Lições bem além das quatro linhas do gramado

Buenos Aires recebeu hoje os jogadores de futebol campeões do mundo, na Copa de 2022. Milhares de pessoas comemorando a conquista épica aplaudem seus heróis em pleno feriado nacional devidamente concedido para essa finalidade. Por um instante, estabelece-se um parêntesis nas graves dificuldades enfrentadas pelo país neste momento pós pandemia, o que reflete – dentre vários outros pontos – mais uma das lições que nossos vizinhos deram ao mundo com a conquista do título.

Na raiz axiológica da crise experimentada por todo mundo, por óbvio, reflete-se a proporcionalidade da escolha feita nos tempos mais severos da pandemia da Covid-19. As dúvidas eram a maior certeza que perturbavam as mentes inquietas dos gestores públicos de todo o mundo, sempre em busca de um equilíbrio possível entre preservar vidas e preservar a Economia. Naturalmente, as nações que pesaram seu pêndulo em favor da vida experimentam uma recuperação econômica mais lenta do que aquelas que não se preocuparam ou poucos cuidados tomaram para proteger seus cidadãos. E essa premissa pode ser observada de forma indiscriminada entre países centrais e periféricos. A Argentina, para quem não sabe, mesmo tendo várias mortes em seu território, adotou um rígido protocolo sanitário, em privilégio às pessoas em detrimento do capital.

Na seleção argentina, dirigida por um técnico que faz jus à tradução inglesa coach de sua função, portou-se como um grande líder de uma equipe de natureza heterogênea, mas coesa enquanto time. Embora eu não entenda de futebol, foi unânime entre os comentaristas especializados sobre os movimentos táticos personalizados e específicos jogo a jogo da celeste em sua escalada rumo ao título. Considero como ápice a manobra de alterar a originalidade de escalação divulgada – valendo-se da genialidade do veterano Di María – para confundir o técnico francês.
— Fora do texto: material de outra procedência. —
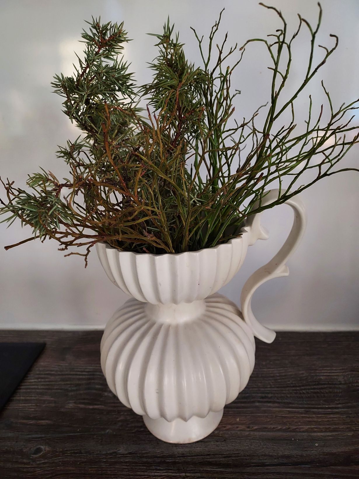 Kaikista maljakoistani eniten tykkään tästä parikymmentä vuotta sitten kirpparilta ostamastani. Tähän sopivat monenlaiset kukka-asetelmat tai vaikka varvut ja havut näin talvella.
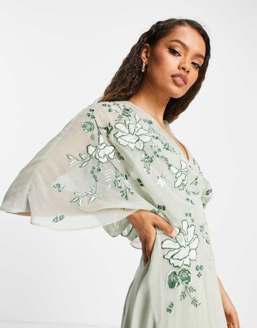 ASOS DESIGN Robe mi longue manches kimono effet cape et sequins parpill s

E por falar em Di María, este nos deu um exemplo incrível de respeito à oportunidade de defender seu país em uma competição daquele quilate. Mesmo com toda a sua experiência e prestígio internacional, emocionou-se diversas vezes dentro de campo. Na mesma linha, o grande sucessor de Maradona provou ao mundo que um grande craque não se constrói nas redes sociais, ou no mercado publicitário. Aliás, o movimento deve ser inverso, tendo o gramado como ponto de partida. A evasão das linhas do campo deve estar em plano secundário, com toda certeza. Afinal, se os jogadores são artistas – e sinceramente penso que o são – sua arte deve estrelar no seu verdadeiro palco: o campo de futebol. E, nessa arena, Messi é simplesmente genial. Fora dela, com o Cristo tatuado no braço, ensina o valor da família pelas suas atitudes.  Termina a competição, fica ao mundo a grande lição dos campeões. Bom futebol, respeito adversários, objetividade liderança. O país que respeitou a vida dos seus cidadãos mostrou que os verdadeiros craques são os que dominam o gramado; que “amor à camisa” não é coisa do passado e que o ouro que foram buscar no Catar é o que hoje estampam na medalha que vestem no peito.